Posted: Wed Nov 25, 2015 10:10 am
by T_FIELD
Could you tell me the difference of standard errors of the following two estimator?

linreg(weight=num,robusterror) y /
# constant x

set ww = (1/num)
linreg(spread=ww,robusterror) y /
# constant x

I checked that the standard error from the first code was calculated by using (1) residuals = y – beta(WLS)*x and (2) weighted variables (py, px). However, it seems to be a wrong estimator as suggested in Rats User Guide 810, pp UG-44. How does Rats compute the second, correct standard errors? I am happy if you could explain in line with the equation (15) on page 44 in the Guide.

Sincerely,

Re: WLS with robusterror

Posted: Wed Nov 25, 2015 11:31 am
by TomDoan
The User's Guide says that WEIGHT is for probability weighting (for instance, in EM calculations in switching models), not for heteroscedasticity correction so don't use the former if you intend the latter. The two aren't the same and aren't intended to be. With the WEIGHT option, any sum uses w(t) weights on whatever is being summed.
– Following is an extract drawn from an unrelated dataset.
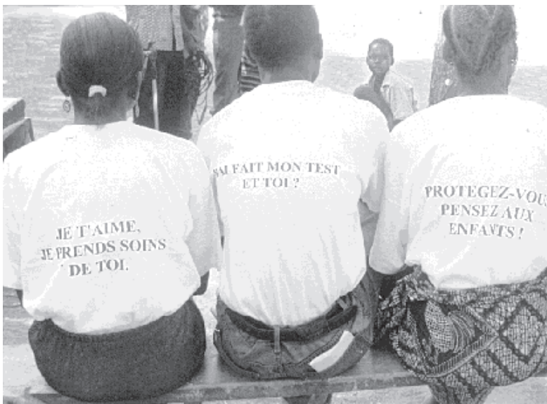
Les membres de REVS+ au Burkina Faso portent des T-shirts avec des messages de prévention lors d'une campagne de sensibilisation sur le VIH/SIDA.

La participation accrue des PVVIH a été observée dans des organisations qui ont pour vocation de défendre les droits des personnes

Computing robusterrors involves a fourth moment calculation (sum of X(t)'u(t)u(t)X(t)) which will end up with four factors of the 1/sqrt(spread) when you do the SPREAD option so it won't match up with the single w(t) weight.

Re: WLS with robusterror

Posted: Wed Nov 25, 2015 7:32 pm
by T_FIELD
I could ontain the estimate with spread option by hand calculation when I used weighted residuals for X(t)'u(t)'u(t)X(t).
Thank you so much for your kind assistance.